An anti-Trump cabal in the American government played the media for fools for the past three years, and journalists can't stop patting themselves on the back.
The Mueller report makes clear reporters were sold wolf whistles over and over, led by reams of unnamed official sources who urged them to see meaning in meaningless things and assume connections that weren't there. ...More than anything, reporters should be furious at the many sources close to the various investigations who (it now seems clear) must have known pretty early there were serious holes in many areas of this story, and that a lot of these "dots" were dead ends, but didn't warn their press counterparts. For instance, the papers should be mad those who supposedly had misgivings about the Steele report didn't warn them earlier.

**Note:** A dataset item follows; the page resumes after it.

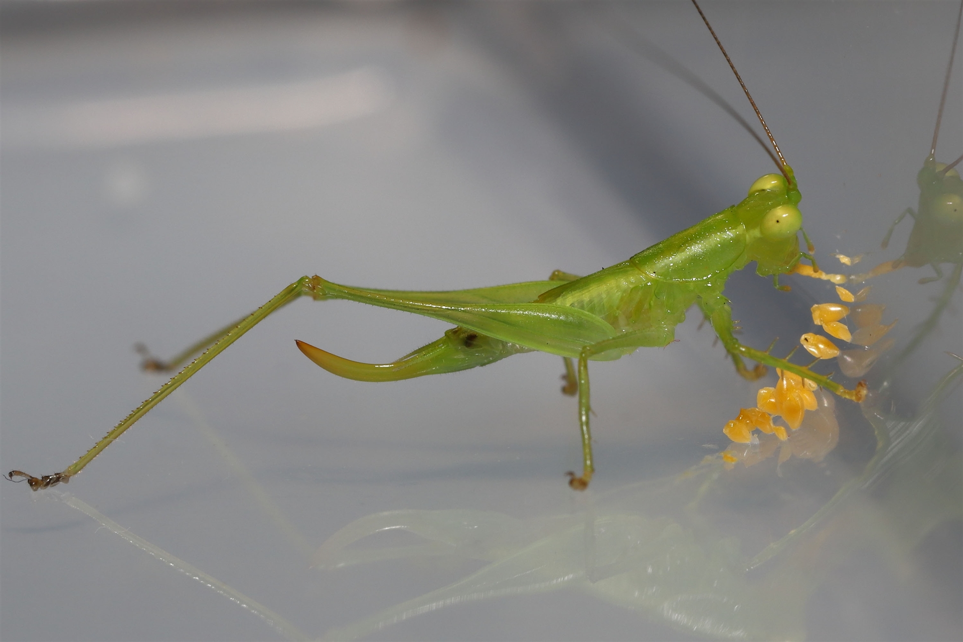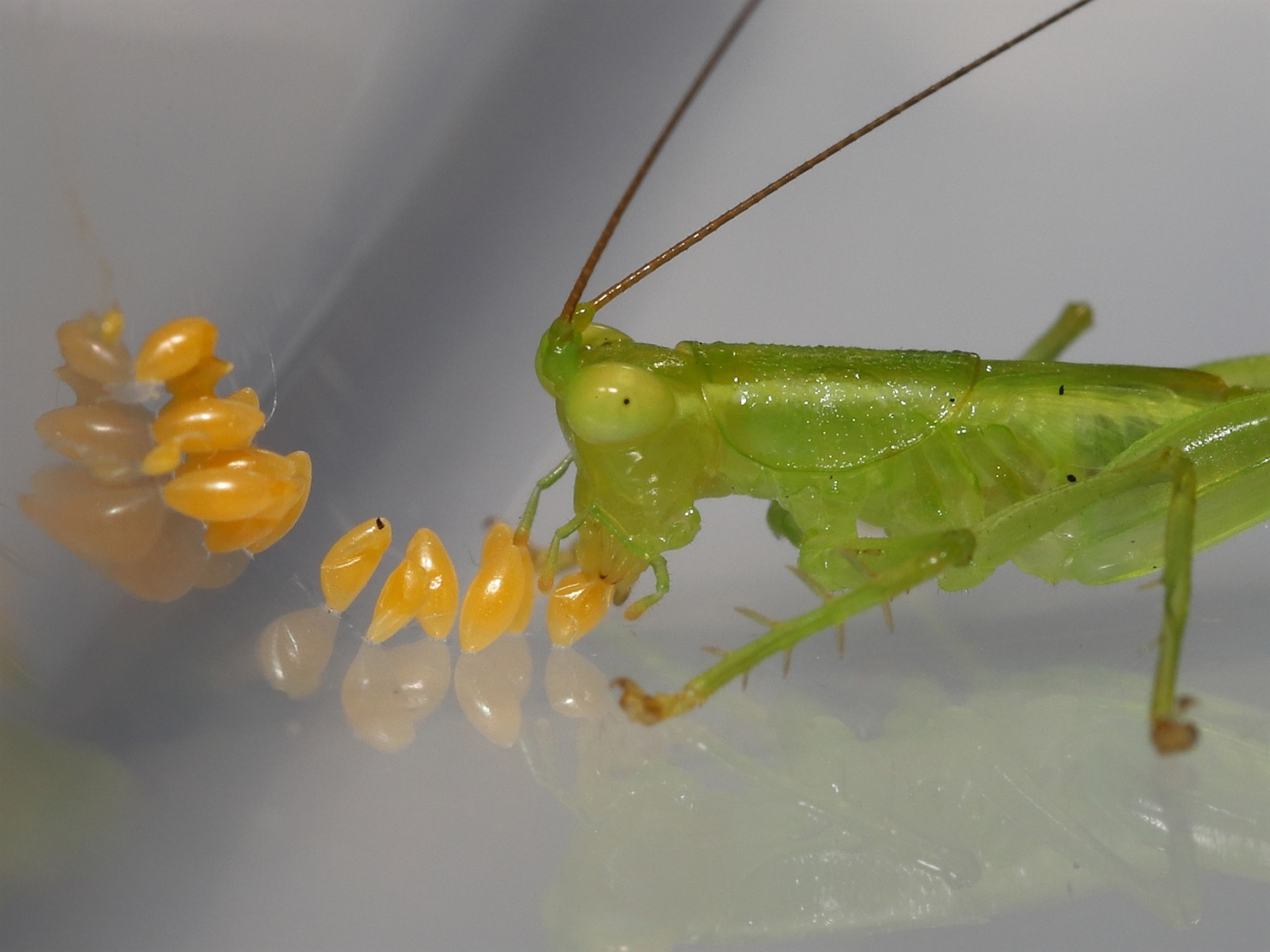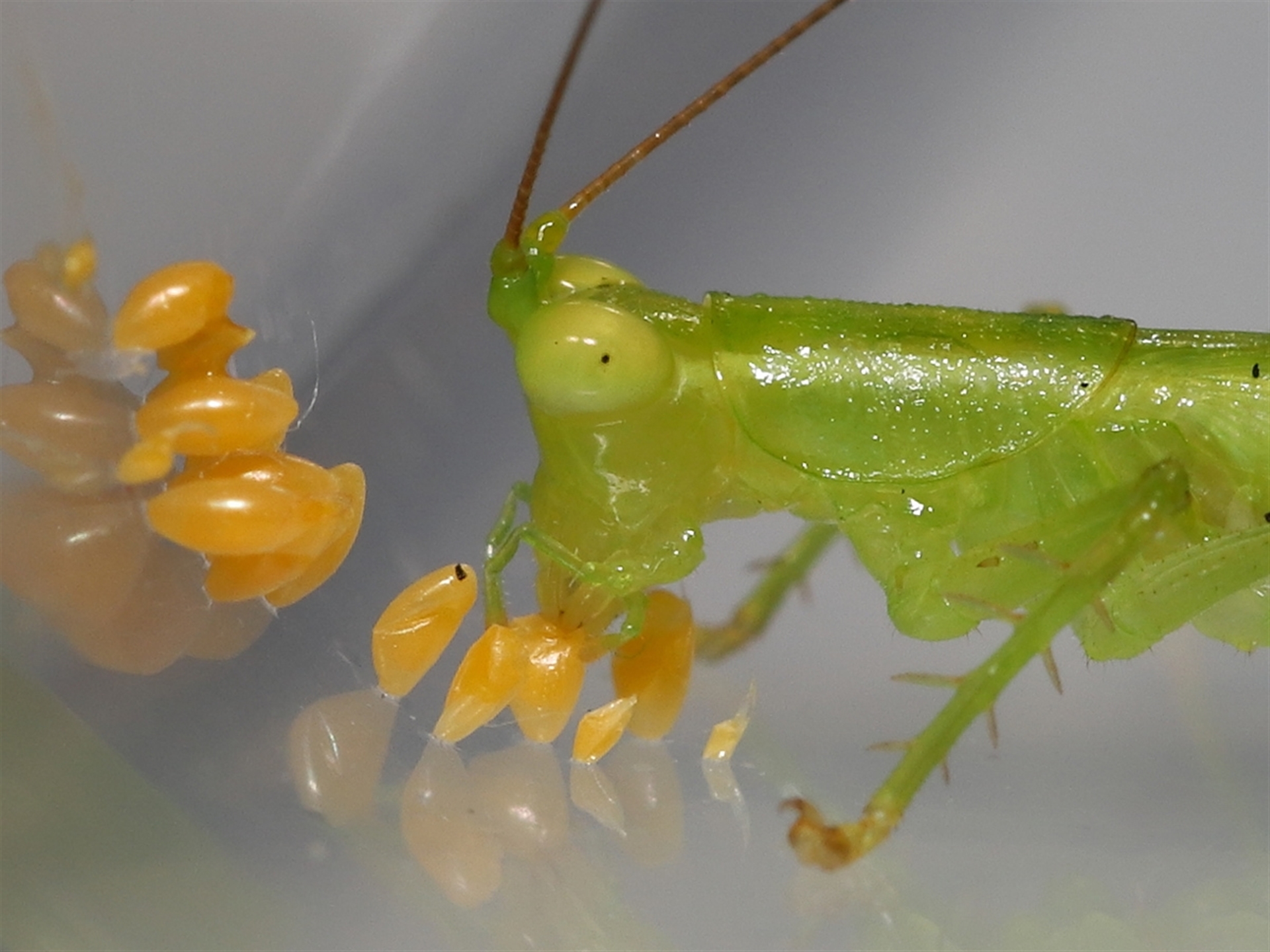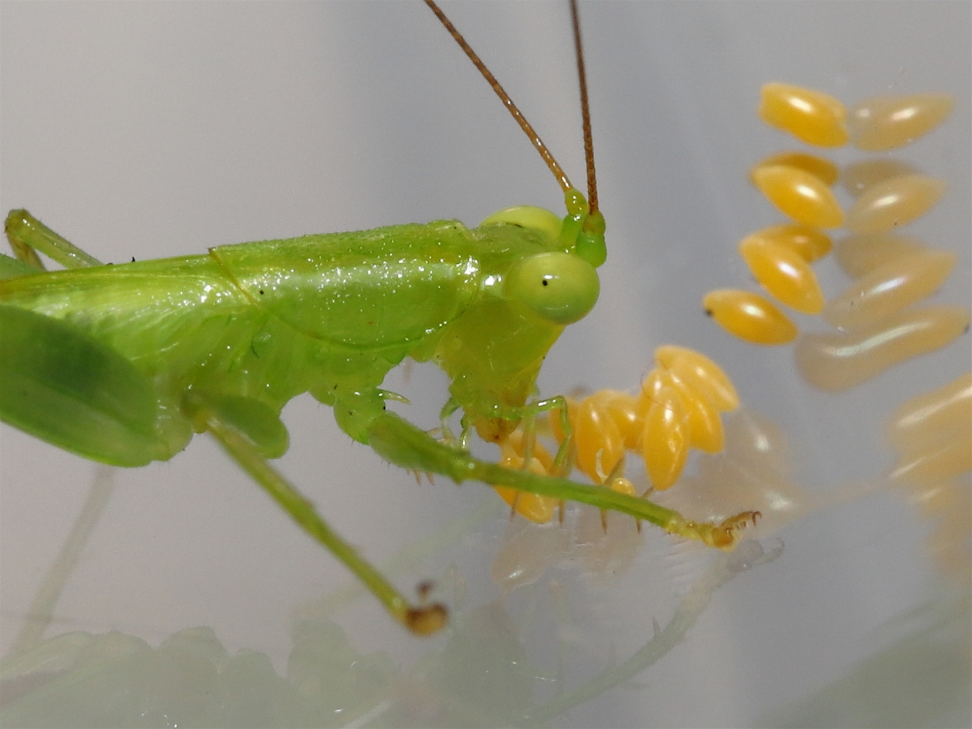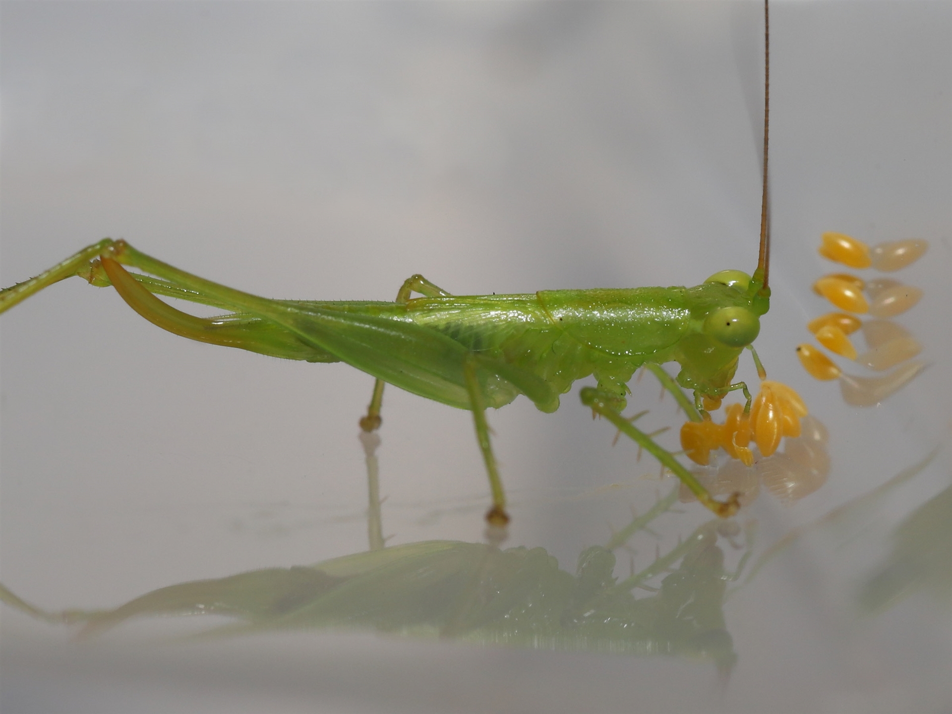 The sequence of images shows a Katydid eating Ladybird eggs that had been deposited on a container two days before.
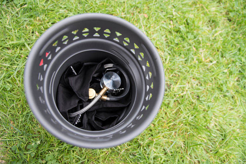 To build the stove is very simple. The twist and lock system for the pot and wind shield is perfect and can come apart using just one hand. You don’t have to lock the wind shield to the pot either as the supplied pot can be used straight onto the burner or the wind shield sits snug over the burner and the pot simply sits on top.

But they're not mad, which makes it look like a case of intentional blindness, in which eyes and ears were shut among other things because the Trump-Russia conspiracy tale made a ton of money. Media companies earned boffo ratings while the Mueller probe still carried the drama of a potential spectacular ending, with blue-state audiences eating up all those "walls are closing in" hot takes.
This fiasco will surely end up being a net plus for Trump. The obstruction parts of the report make him look like a brainless goon and thug, but the absence of what Mueller repeatedly calls "underlying crime" make his ravings about an elitist mob out to get him look justified. This is not an easy thing to achieve, but we're there, and the press is a big part of that picture.